• [Prompt]: Copy all the lines of the listing below exactly. Skip the images.

• [Data block]:
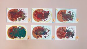 レンコンのスタンプをたくさん押したあとに穴の中をじっくり観察![]()
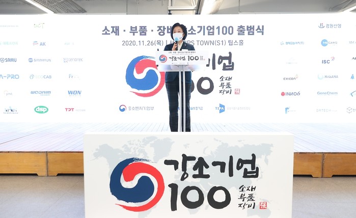 [더스타트 = 윤상학 기자] 중소벤처기업부는 서울 강남구 팁스타운 팁스홀에서 지난 27일, 「소재・부품・장비 강소기업 100 」 대표와 유관기관이 함께 ‘강소기업 100 출범식’을 가졌다고 밝혔다.
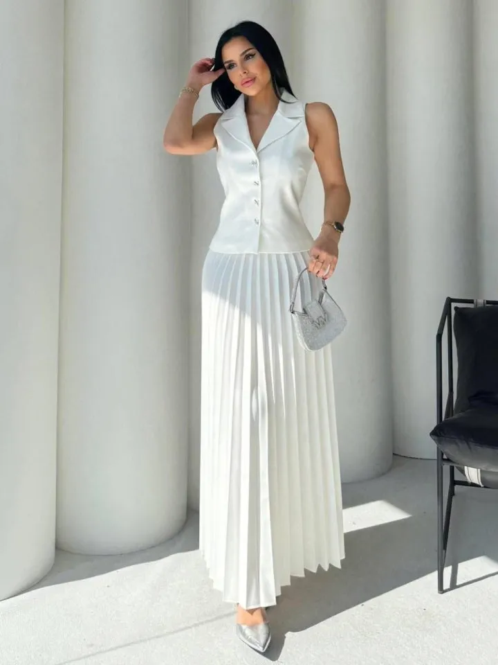 طقم بلوزة بأكمام طويلة وفتحة رقبة على شكل حرف V وتنورة بفتحة. ناعم ومريح، مثالي لإطلالاتكِ اليومية الكاجوال.

• [Task answer]:
 レンコンのスタンプをたくさん押したあとに穴の中をじっくり観察![]()
 [더스타트 = 윤상학 기자] 중소벤처기업부는 서울 강남구 팁스타운 팁스홀에서 지난 27일, 「소재・부품・장비 강소기업 100 」 대표와 유관기관이 함께 ‘강소기업 100 출범식’을 가졌다고 밝혔다.
 طقم بلوزة بأكمام طويلة وفتحة رقبة على شكل حرف V وتنورة بفتحة. ناعم ومريح، مثالي لإطلالاتكِ اليومية الكاجوال.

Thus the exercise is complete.